For intermittently administered pulse surveys with multi-item scales, we wish to compare linear state space models to simple moving averages in both utility and predictive accuracy.

Method

Patients from US and Canada (348 total) used a smart hub to provide daily survey responses. Patients were randomly assigned to a train or test set, and a dynamic factor model (in state space form) was fit to the responses. Predictive accuracy was compared to 15-, 30-, and 60-day moving averages.

Results

For each of the 348 patients, months to years of daily survey data was collected, and responses to three emotional health questions were coded -1, 0, or 1, based on the sentiment of the ternary response. Optimization of the state space model’s parameters (state variance, measurement variances, and factor weights) was successful using a holdout set and a 1-ahead squared error loss function. The state space model was used to provide factor scores for emotion (via the Kalman Filter), which were available for every day regardless of the gap in responses. For the moving averages (MAs), a forward filling strategy was used for survey gaps that exceeded the window length. When comparing the 1-ahead predictions from the state space model with those from the 15-, 30- and 60-day moving averages (where simple linear regression was used to map the moving averages to responses), the state space model’s mean squared errors (MSE) were smaller in every case (p < .0001). Using unweighted averages of the three questions, the state space model’s reduction in MSE was 27% vs the 15-day MA, 19% vs the 30-day MA, and 17% vs the 60-day MA.

Conclusion

Linear state space models are convenient to use thanks to the tractability of the Kalman Filter, but their performance could be questioned when applied to a dynamic factor model for discrete data. Using holdout data sets to choose parameters, the state space model outperformed three moving averages of considerably different length.
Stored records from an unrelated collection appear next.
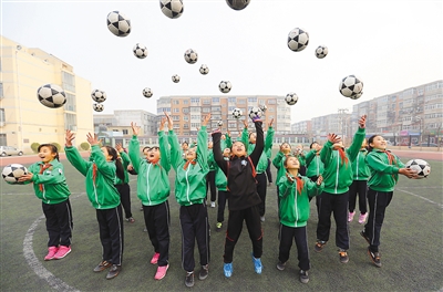 3月16日,天津市北辰区宜兴埠第三小学的学生在校园足球文化节上抛接足球。 本专栏图片均由新华社发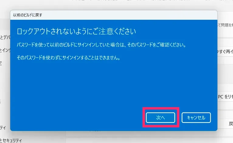 “ロックアウトされないようにご注意ください” が表示されます。「次へ」をクリックします。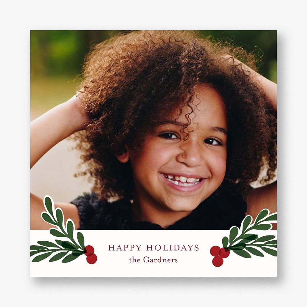 Two cheery sprigs of holly with bright red berries embellish your favorite family photo on this festive holiday card. designed by Paper Source.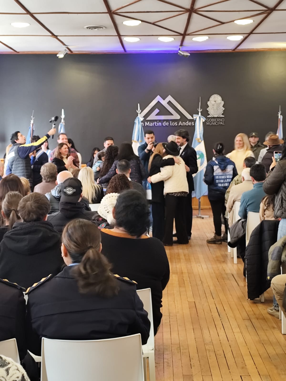 “¿Reafirman su promesa de lealtad a la Bandera Argentina, símbolo de libertad, justicia y unión del pueblo, comprometiéndose a honrarla con sus actos y a trabajar por el bien común de nuestra Nación?!, preguntó la concejal. La respuesta de cada vecina y vecino fue seguida por aplausos de los asistentes. El intendente y las y los concejales presentes hicieron entrega de los diplomas alusivos.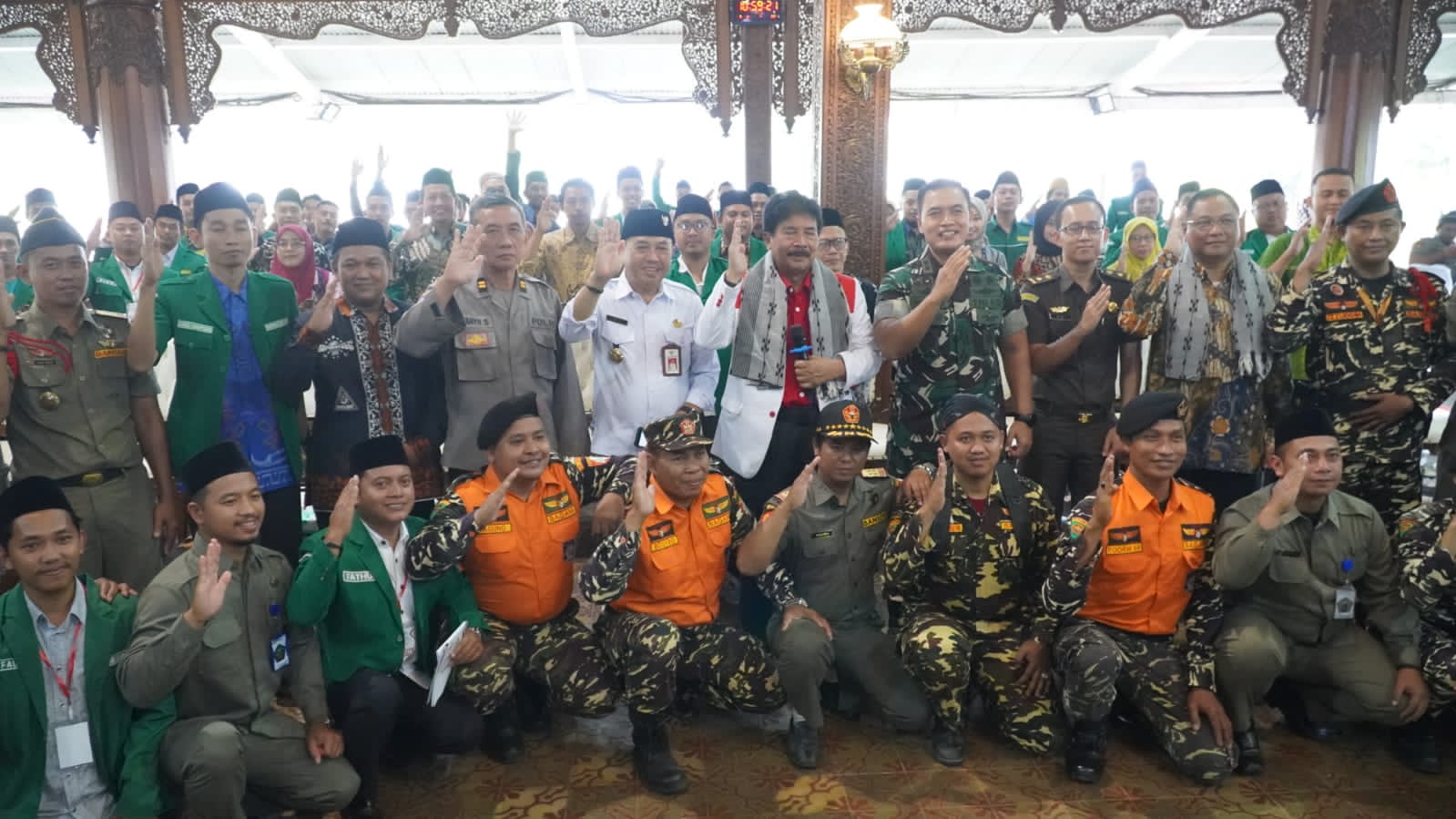 SKI | JEPARA – Penjabat Bupati Jepara Edy Supriyanta menyatakan jika Pancasila menjadi fondasi yang kuat untuk menyatukan dan melindungi keberagaman yang ada. Pancasila, kata Edy, menjadi ideologi, cara berfikir kolektif seluruh anak bangsa untuk merajut keberagaman yang ada untuk tetap terhubung dalam bingkai NKRI. Hal ini disampaikan oleh Edy saat Sosialisasi Pembinaan Ideologi Pancasila yang diselenggarakan oleh Badan Pembinaan Ideologi Pancasila (BPIP) bersama Gerakan Pemuda (GP) Ansor Jepara di Pendapa Kartini, Rabu (7/6/2023).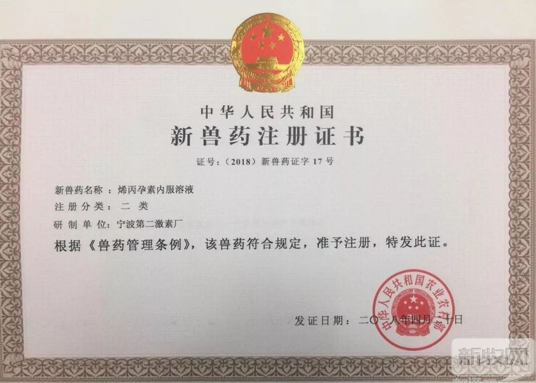 宁波第二激素厂烯丙孕素内服溶液的新兽药注册证书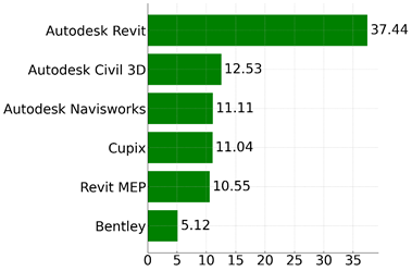 Modern automation technologies are based on the use of software solutions that integrate model parameters with design and construction tasks. Among the most significant tools is Autodesk Revit. According to 2024 data [5], it holds a leading position in the BIM and Architectural Design Software category, with a market share of approximately 37% (fig. 1).
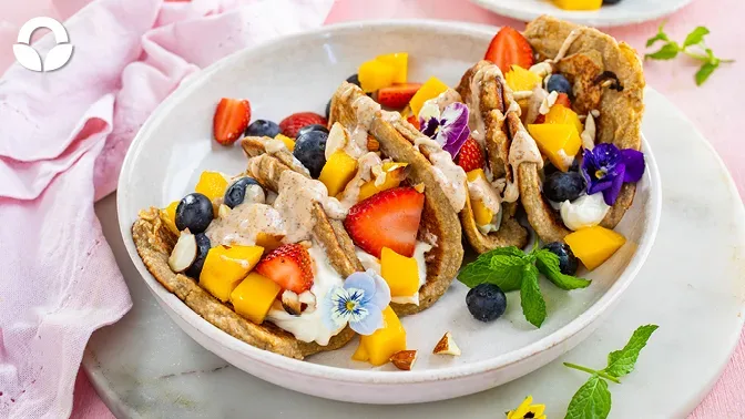 Have you tried a pancake taco? This recipe makes them into a healthy breakfast so you can enjoy pancakes for breakfast without the guilt. Simple banana pancakes with bananas, egg and oats made into thicker pancakes, made into a ‘taco’ shell by filling them with your favourite summer fruits, and drizzled with nut butter and honey.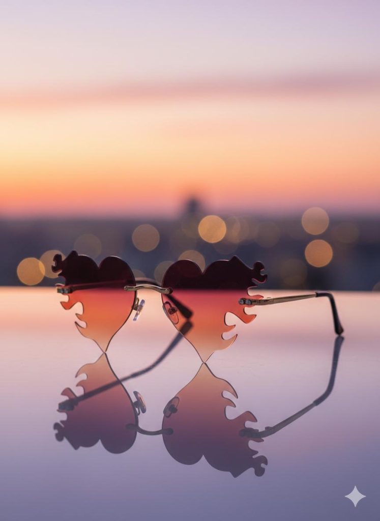 Lentes en forma de corazon en llamas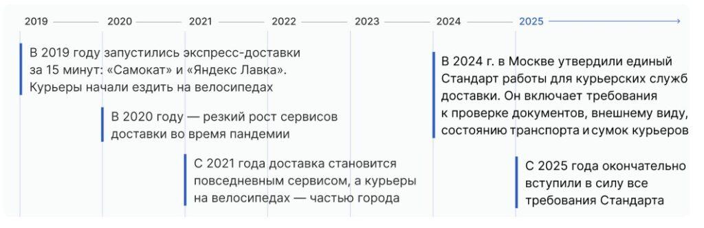 С 2024 года в Москве действуют первые в России единые стандарты работы для курьеров — они касаются внешнего вида, идентификации, транспорта и организации инфраструктуры.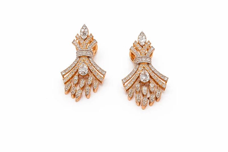 Contemporary Abstract Diamond Ri on Drop Earrings in 14K Rose Gold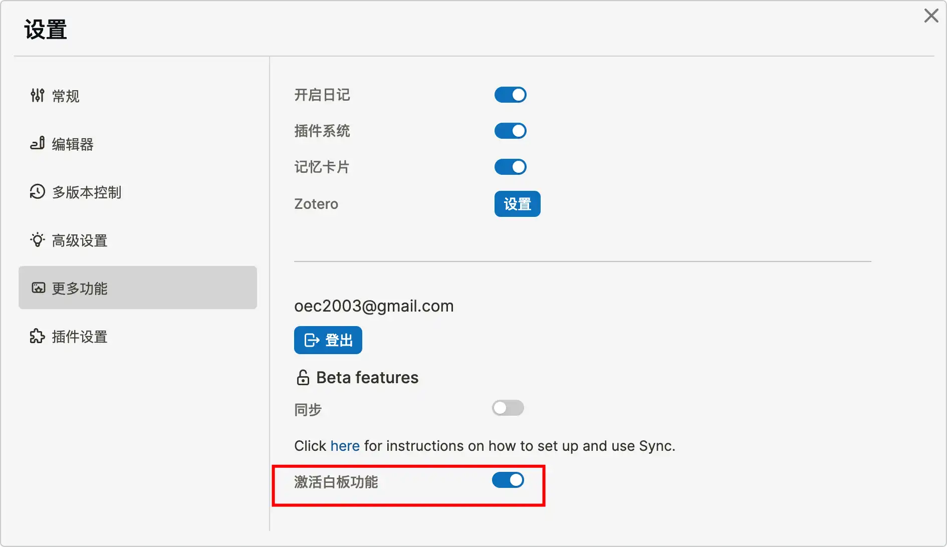3、登录并在您的 Logseq 设置中启用白板功能,只有付费成为了 Backers 或 Sponsors 后,这里的激活白板功能才能开启。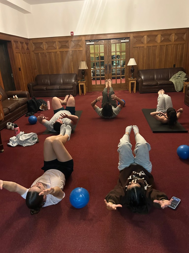 Led by our new Vice President, Jay Mentink ’27, Cannon’s weekly yoga and pilates sessions are quickly becoming a club favorite. For the amount of work our members are putting in on and off the field, they have loved having a space to reset during the week. Jay keeps it light, engaging, and accessible for everyone, so no matter their experience level, they’ll leave feeling looser, stronger, and in a better headspace. Scott Becker ’26 says he will be able to do a headstand by Reunions, guess we’ll have to wait and see!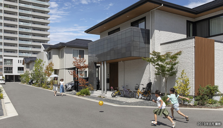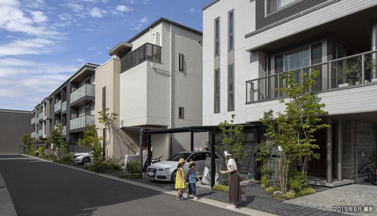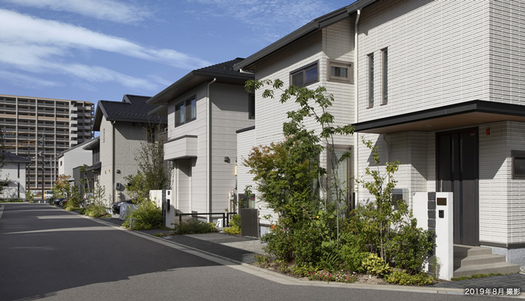 豊かな緑が感じられる植栽計画や、境界部のフレームにより、統一感のある通り景観と、上質な暮らしをイメージさせるまちなみを実現しています。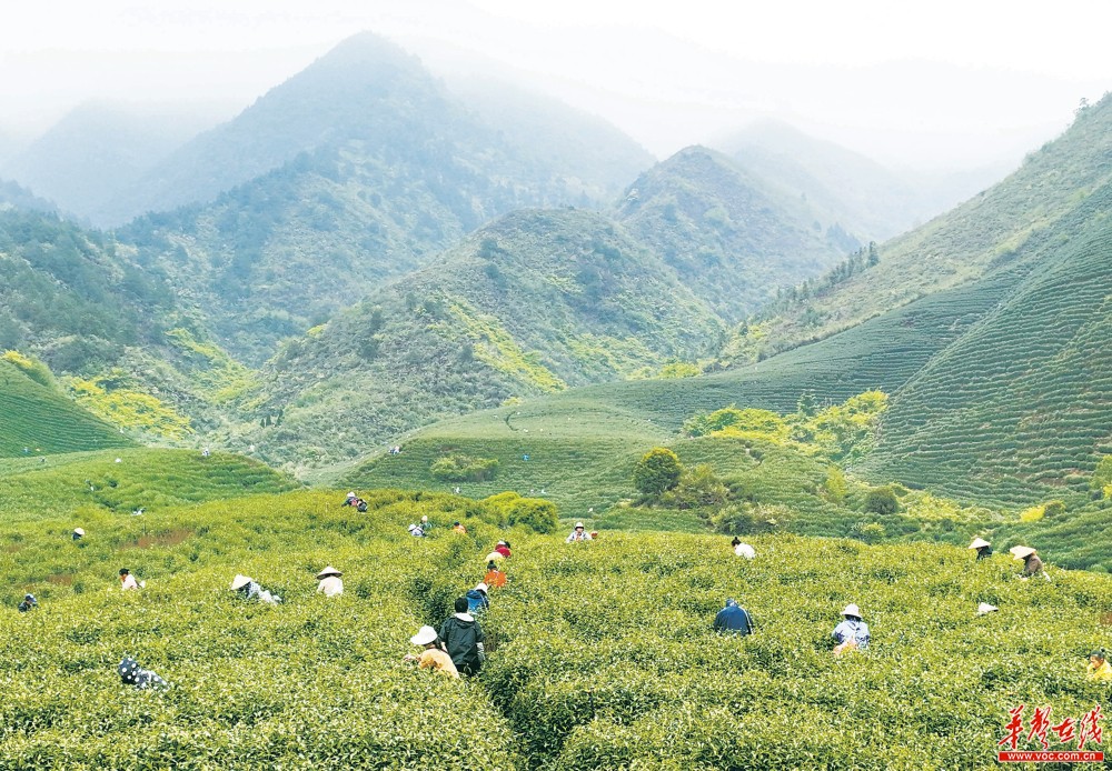 3月26日,江华瑶族自治县桥市乡,采茶工在茶园采摘明前茶。清明临近,当地茶园进入明前茶采摘期,人们抓紧时间采摘、加工新茶,抢“鲜”供应市场。 蒋克青 摄
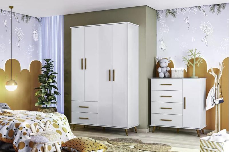 Guarda Roupa e Cômoda Infantil Retrô Noah, são os móveis que faltavam para garantir um dia a dia mais organizado e um ambiente infantil bem decorado com qualidade, com estrutura em MDP bio-sustentável de 15 mm, acabamento em pintura UV (Fosco e Brilho), sua pintura acetinada é feita diretamente na madeira tratada. Conta com portas com dobradiças metálicas, gavetas com corrediças metálicas, prateleiras internas com muito espaço para roupas, cabideiro, puxadores em MDF, possui pés palito reforçados em madeira e modelo Retrô, com design compacto e delicado, móveis perfeitos para transformar o quarto em um lugar aconchegante e atraente, sem abrir mão da qualidade. Estes móveis chegarão em sua casa separados em 03 volumes.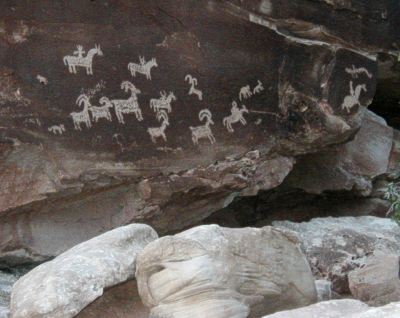 There were still a lot of people hiking up the trail as we were going down...and by the time we got down it was getting dark. I hope they had flashlights. Near the bottom of the trail are some Ute indian petroglyphs and we stopped to see those. (Doesn't this one look like a strange alien creature?)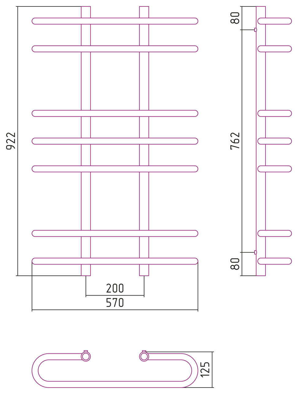 Размер полотенцесушителя:1000x600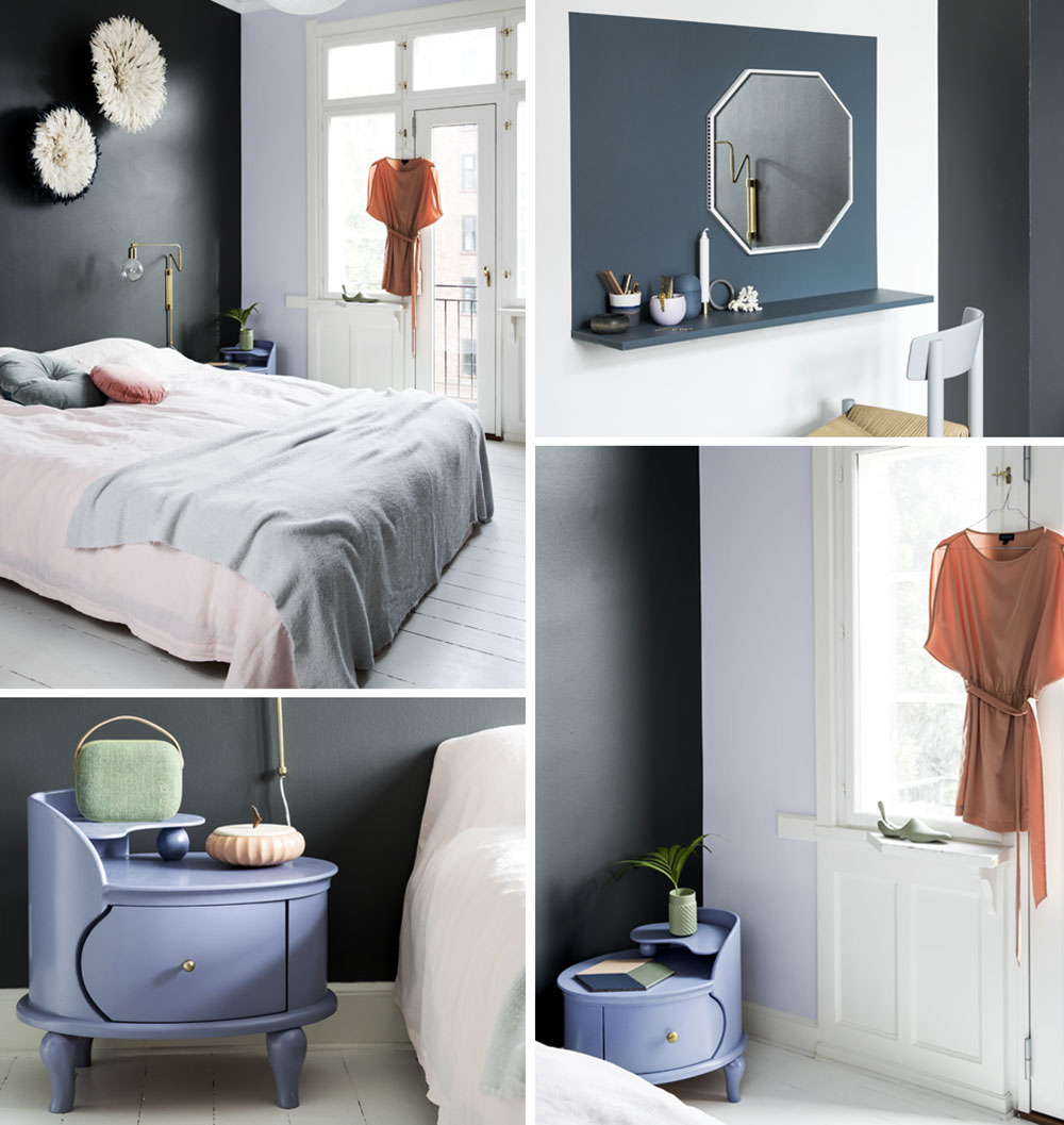 Hvis du synes det helt mørke rum er en tand for meget, men stadig ønsker en grå farve i dit soveværelse, så kan du nøjes med at male en enkelt væg i en mørkegrå farve og så male de andre vægge i en lys farve. Her er væggen bag sengen er malet i den grå farve Midnight Ocean, mens den tilstødende væg er malet i den helt sarte lyserøde Violet Whimsey. Sengebordet er malet med farven Violet Verbena.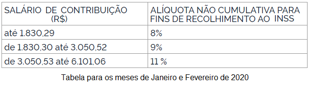 A contribuição dos segurados empregados, inclusive o doméstico e do trabalhador avulso, relativamente aos fatos geradores referentes às competências janeiro e fevereiro de 2020, será calculada mediante a aplicação da correspondente alíquota sobre o salário de contribuição mensal, de forma não cumulativa, de acordo com a tabela: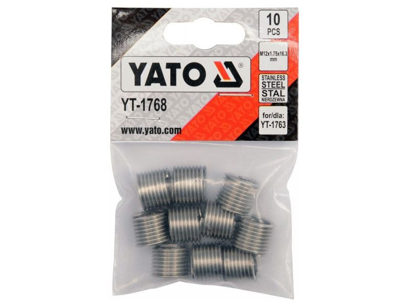 A YATO YT-1768 egy 10 darabos spirális menetjavító betétkészlet, amelyet kifejezetten M12 × 1.75 mm-es menetek helyreállítására terveztek. A betétek rozsdamentes acélból (INOX) készültek, így rendkívül tartósak, kopásállók és korrózióállók.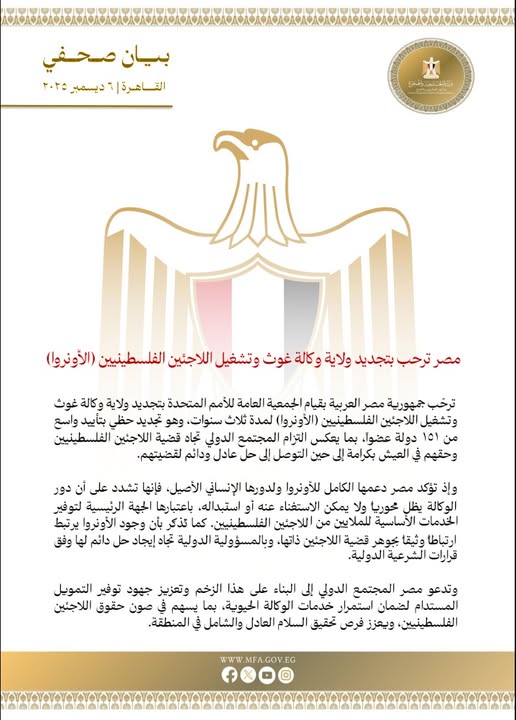 ترحب جمهورية مصر العربية بقيام الجمعية العامة للأمم المتحدة بتجديد ولاية وكالة غوث وتشغيل اللاجئين الفلسطينيين (الأونروا) لمدة ثلاث سنوات، وهو تجديد حظي بتأييد واسع من ١٥١ دولة عضوا بما يعكس التزام المجتمع الدولي تجاه قضية اللاجئين الفلسطينيين وحقهم في العيش بكرامة إلى حين التوصل إلى حل عادل ودائم لقضيتهم.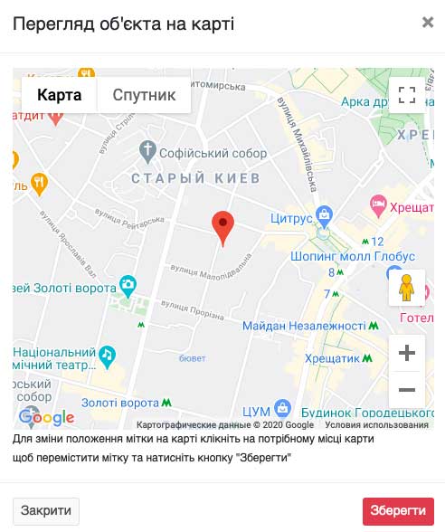 Нажав на иконку карты система отобразит диалоговое окно с отображением объекта на карте. Чтобы изменить местоположения объекта просто перетащиме на карте метку с местоположение в нужное место (Рис. 1065).

Mean squared error reduction was smallest for the moving average with the longest window, but the improvement from increasing the length from 30 to 60 days was much less than from 15 to 30 days, indicating diminishing returns and suggesting there does not exist a performance crossover point. Whereas moving averages must be modified to make predictions about future responses, the state space model implemented by the Kalman Filter readily provides predictions. Finally, the state-space model behaved well and is unambiguously defined for long periods of no response, whereas the moving averages must be artificially extended. Linear state space models are a powerful tool for analyzing sequential survey responses, and despite violations in distributional assumptions, outperform naïve estimators such as the moving average.